Beschluss (EU) 2021/929 des Rates vom 6. Mai 2021 über die Regelung der Kontakte zwischen dem Generalsekretariat des Rates und Interessenvertretern

ST/5703/2021/INIT

OJ L 207, 11.6.2021, p. 19–21 (BG, ES, CS, DA, DE, ET, EL, EN, FR, GA, HR, IT, LV, LT, HU, MT, NL, PL, PT, RO, SK, SL, FI, SV)

In force

ELI: http://data.europa.eu/eli/dec/2021/929/oj

11.6.2021   

DE

Amtsblatt der Europäischen Union

L 207/19


BESCHLUSS (EU) 2021/929 DES RATES

vom 6. Mai 2021

über die Regelung der Kontakte zwischen dem Generalsekretariat des Rates und Interessenvertretern

DER RAT DER EUROPÄISCHEN UNION —

gestützt auf den Vertrag über die Europäische Union,

gestützt auf den Vertrag über die Arbeitsweise der Europäischen Union, insbesondere auf Artikel 240,

in Erwägung nachstehender Gründe:

(1)

Nach Artikel 11 Absatz 1 des Vertrags über die Europäische Union (EUV) müssen die Organe der Union den Bürgerinnen und Bürgern und den repräsentativen Verbänden die Möglichkeit geben, ihre Ansichten in allen Bereichen des Handelns der Union öffentlich bekannt zu geben und auszutauschen.

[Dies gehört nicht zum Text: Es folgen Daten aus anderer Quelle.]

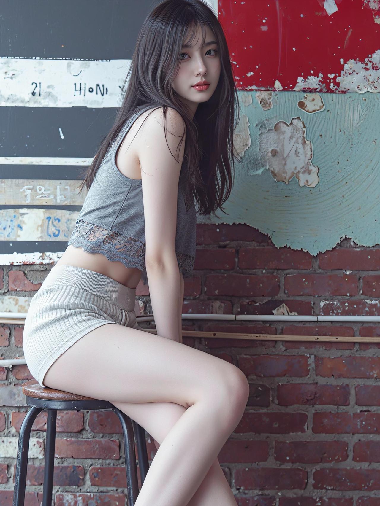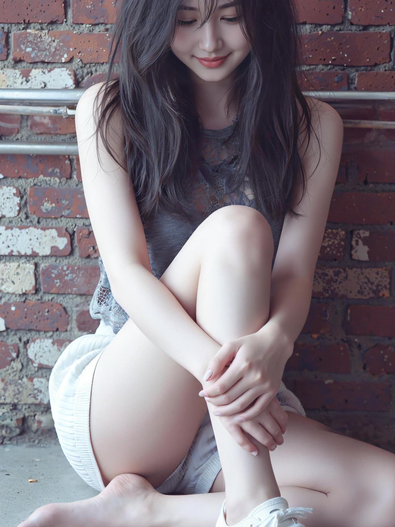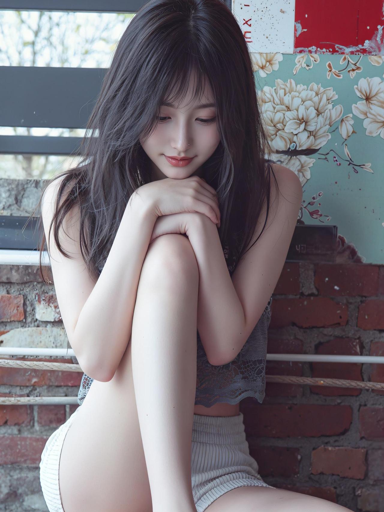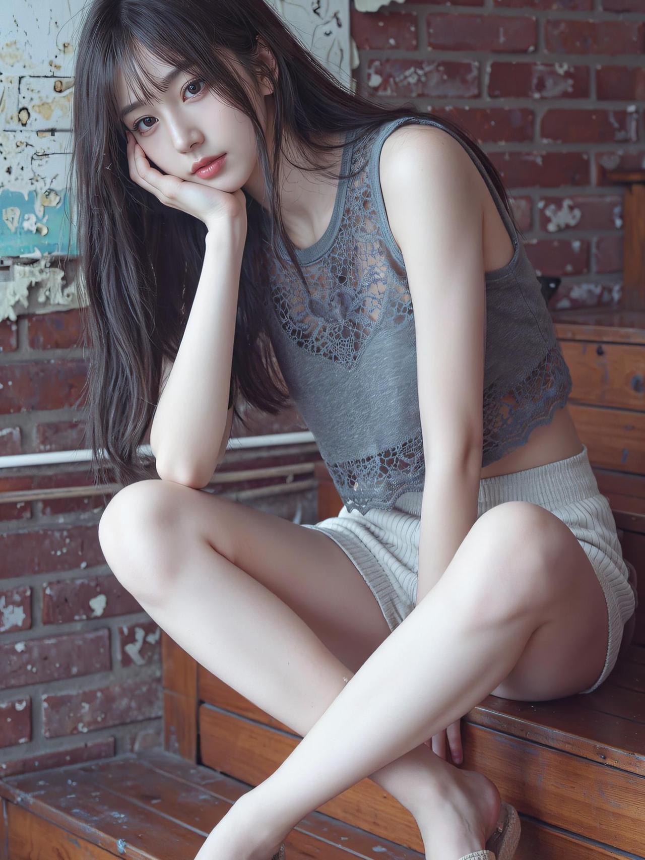 温柔少女风,复古红墙背景,清新自然妆容,时尚蕾丝吊带衫,甜美迷人。女生怎么穿紧身裤才好看 什么搭配显气质
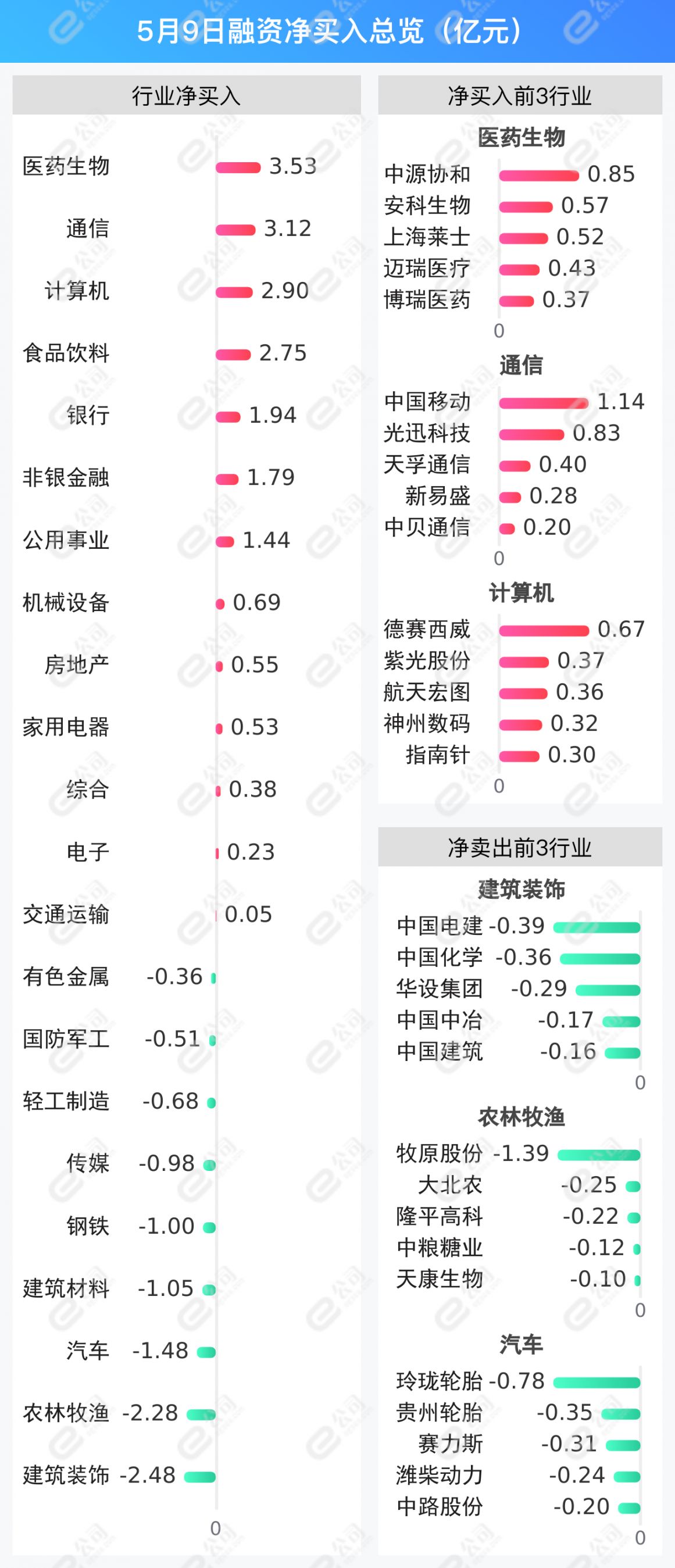 医药生物、通信、计算机获融资净买入金额居前,分别为3.53亿元、3.12亿元、2.9亿元。

Nach Artikel 11 Absatz 2 EUV sind die Organe der Union verpflichtet, einen offenen, transparenten und regelmäßigen Dialog mit den repräsentativen Verbänden und der Zivilgesellschaft zu pflegen.

(2)

In Artikel 15 Absatz 1 des Vertrags über die Arbeitsweise der Europäischen Union (AEUV) ist bestimmt, dass die Organe, Einrichtungen und sonstigen Stellen der Union unter weitestgehender Beachtung des Grundsatzes der Offenheit handeln müssen, um eine verantwortungsvolle Verwaltung zu fördern und die Beteiligung der Zivilgesellschaft sicherzustellen.

(3)

Nach Artikel 298 AEUV stützen sich die Organe, Einrichtungen und sonstigen Stellen der Union zur Ausübung ihrer Aufgaben auf eine offene, effiziente und unabhängige europäische Verwaltung.

(4)

Damit die Organe, Einrichtungen und sonstigen Stellen der Union (im Folgenden „Organe der Union“) unter weitestgehender Beachtung des Grundsatzes der Offenheit handeln, sollte es den Interessenträgern gestattet sein, im Entscheidungsprozess ihre Auffassungen und ihr Fachwissen einzubringen, um die Qualität der zu treffenden Entscheidungen und den Rückhalt für diese zu verbessern.

(5)

Um das Vertrauen in die politischen, legislativen und administrativen Prozesse der Union aufrechtzuerhalten, sollten die Kontakte zu Interessenvertretern auf eine transparente und ethischen Grundsätzen entsprechende Art und Weise stattfinden.

(6)

Zu diesem Zweck haben das Europäische Parlament, der Rat der Europäischen Union und die Europäische Kommission eine Interinstitutionelle Vereinbarung über ein verbindliches Transparenzregister (1) (im Folgenden „Interinstitutionelle Vereinbarung“) geschlossen.

(7)

Der Rat verpflichtet sich, durch die Einführung eines Grundsatzes der Konditionalität einen Rahmen für transparente und ethischen Grundsätzen entsprechende Kontakte zwischen Interessenvertretern und den Beamten und Bediensteten (im Folgenden „Personal“) seines Generalsekretariats zu schaffen. Nach diesem Grundsatz ist die Eintragung in das Transparenzregister eine notwendige Voraussetzung dafür, dass Interessenvertreter bestimmte Tätigkeiten ausüben können, die unter die Interinstitutionelle Vereinbarung fallen.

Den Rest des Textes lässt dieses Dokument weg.